Children hugged me in the hallway today…children I don’t know yet.
A couple of my teaching friends are overwhelmed and one said, “I’ve taught all these years and did not realize the full extent of my responsibility until last Friday.”
Where would we put our kids? There are no closets, no places to hide.
We are sick at heart for many reasons.
The most obvious of course: young lives lost.
This is one of those times in life when you become aware…painfully aware, of the truths about life.
The initial news came across my phone Friday as I looked around a graduation stadium in Lubbock, TX.
Thousands of people were there, like me, to celebrate.
Do they know our world just changed?
We bowed our heads in prayer there, and the next day at a different graduation ceremony, in Waco.
Moments of silence.

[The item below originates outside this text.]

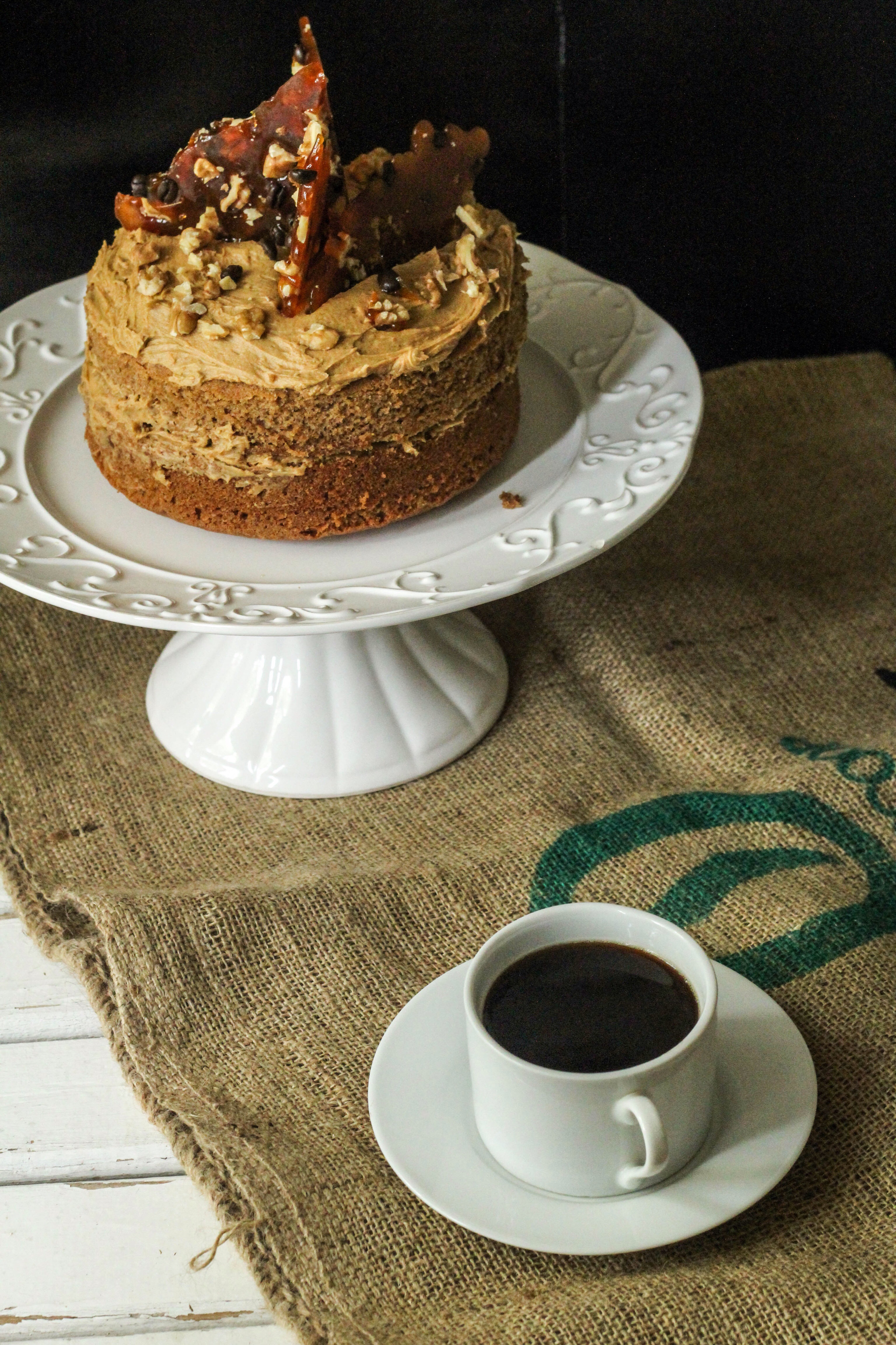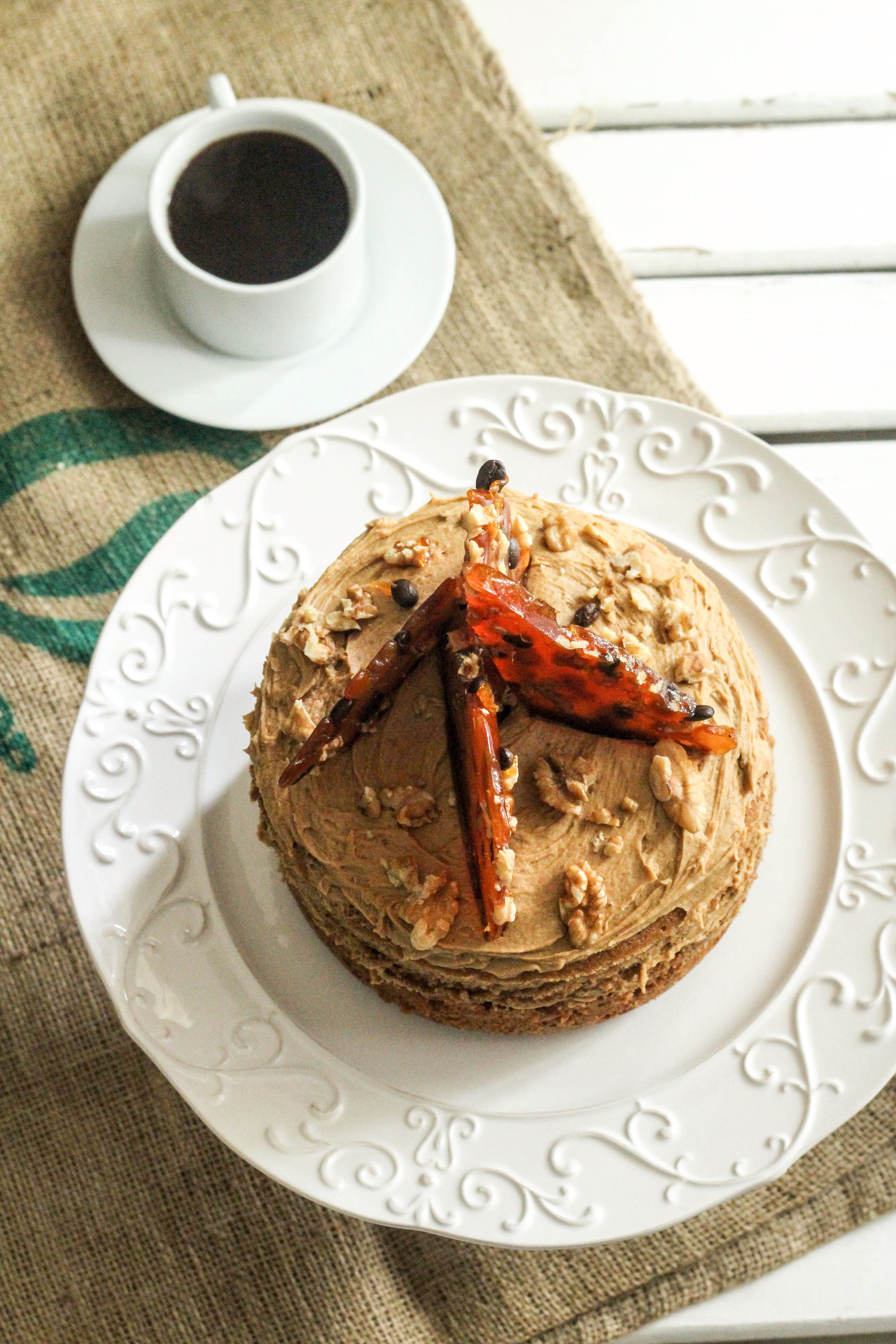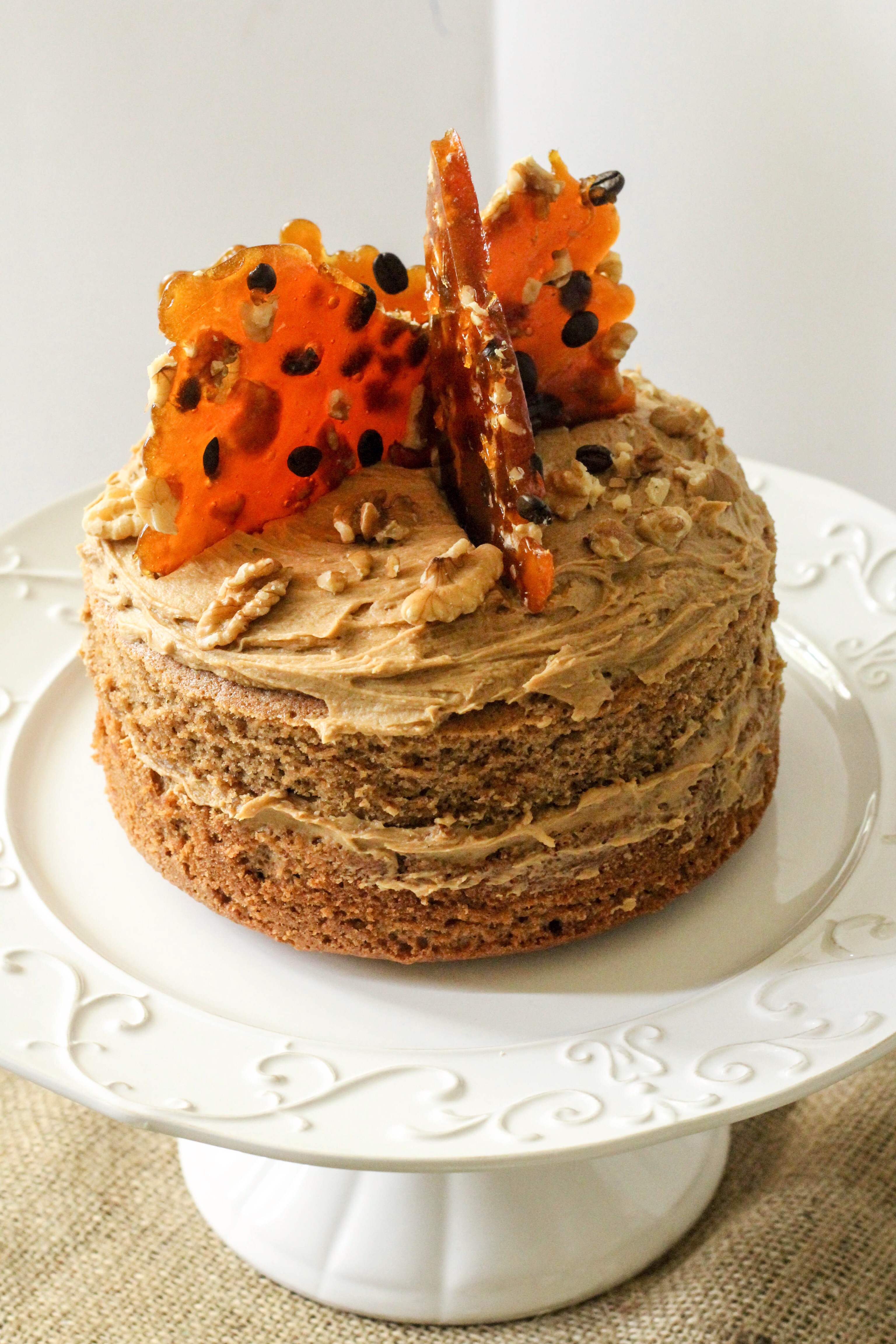 For the praline I melted 220grams of caster sugar in a non stick pan over a medium to high heat, swirling to fully incorporate. Once caramel brown, take off the heat and pour over coffee beans and chopped walnuts (preferably on a silpat) or on a greased and lined tray, leave to cool completely, then snap and arrange on the cake once the frosting is on. The praline provides height to the aesthetic of the cake and texture to the taste.

Prayers for a nation.
My children escaped this nightmare. They did not face a gunman in their classroom at age six. Will their children? Will they, should they choose to teach? Will I?
I see a small child a few seats ahead of me. He’s dressed in suit and tie. He might be four. I want to grab him, hug him, tell him to be safe, to be careful, to live.
My eyes fill with tears.
A classroom filled with children like him is gone. Gone.
I think of my colleague, Paula, a kindergarten teacher. She messages me throughout the day. Sick at heart. We grieve for children we’ve never known.
Yet we know them all. Another truth.
There are people all around, laughing, cheering. A thousand plus miles away, a town grieves. But the truth is, those people have celebrations too.
There are weddings. Graduations. Births. Parties.
And that is another truth that is so hard to take. In the midst of every trial, someone rejoices. It seems unfair.
But the truth is life does indeed go on.
Babies die, hearts break, shots are fired.
And still we eat, mark off our to do lists, go about our lives.
Another truth: teachers are alone.
I’ve said it for years: this is a profession of isolation in many ways. There is one teacher in a classroom, and she must make decisions based on student response every minute of every day.
There is no time in the school day for collaboration. That’s for meetings, staff development. The real
life teaching, though, is done behind closed doors when the teacher makes decisions that aren’t “in the book.”
In the real day of teaching, the teacher is alone. She is on her own to make decisions. She doesn’t look at pamphlets and emails and shelter in place protocols when the danger happens. She acts and she knows she will have to act alone. There will be no help coming. Not in time.
That truth is hard to take, but it is the reality and every educator knows it.
In the weeks to come, districts will send out reminders. There will be emails and meetings and an effort to correct some lapses in security at every school in this nation.
The truth? Teachers will read the memo.
And they’ll know it is just words on a page.
When the real trial comes, they’ll do everything that’s not on that list.
They know the truths about children and safety and vulnerability and now the nation knows it too.